DATA Start Marker

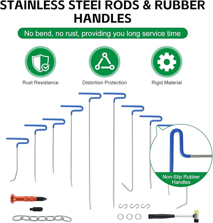 - 【Paint-Safe Stainless Steel Tools】All PDR tools are made of rust-proof stainless steel with anti-slip rubber handles. Remove dents without scratching your car's original paint - keeps your vehicle looking new.
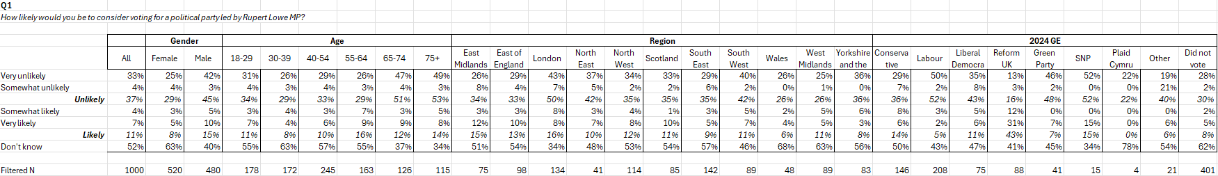 How likely would you be to consider voting for a political party led by Rupert Lowe MP?
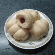 低粉、鸡蛋、橄榄油、牛奶、白糖、红豆沙、泡打粉。
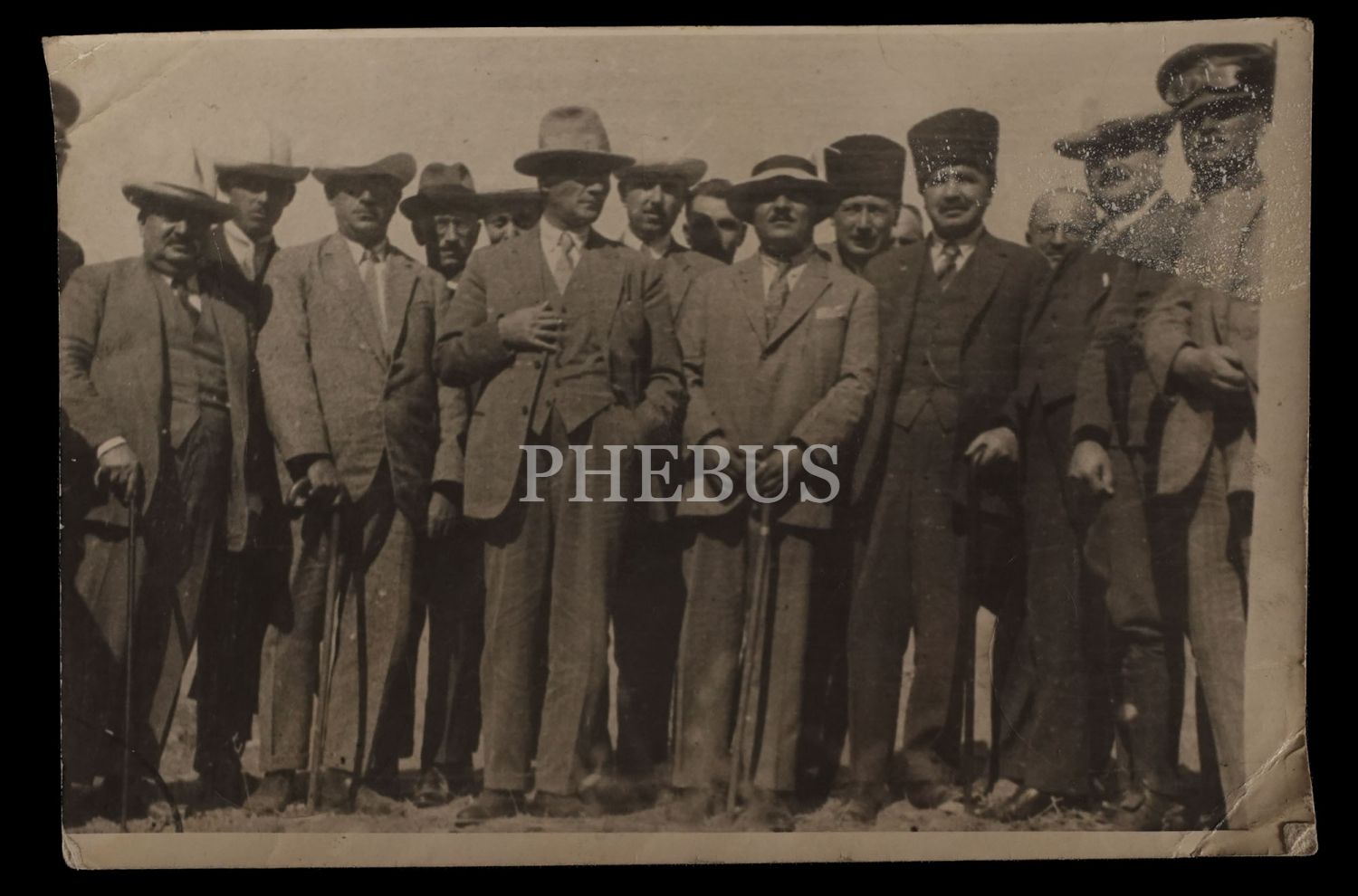 Mustafa Kemal Atatürk, şapka takmanın gereklerini dile getirdiği Kastamonu ziyareti dönüşünde, Kayaş´ta kendisini karşılayanlarla birlikte, 1 Eylül 1925, 18x12 cm...

DATA End Marker

**TASK BRIEF**
The output has to match the data above line for line, except that pictures are dropped.

**RESULT FOR THIS TASK**
 - 【Paint-Safe Stainless Steel Tools】All PDR tools are made of rust-proof stainless steel with anti-slip rubber handles. Remove dents without scratching your car's original paint - keeps your vehicle looking new.
 How likely would you be to consider voting for a political party led by Rupert Lowe MP?
 低粉、鸡蛋、橄榄油、牛奶、白糖、红豆沙、泡打粉。
 Mustafa Kemal Atatürk, şapka takmanın gereklerini dile getirdiği Kastamonu ziyareti dönüşünde, Kayaş´ta kendisini karşılayanlarla birlikte, 1 Eylül 1925, 18x12 cm...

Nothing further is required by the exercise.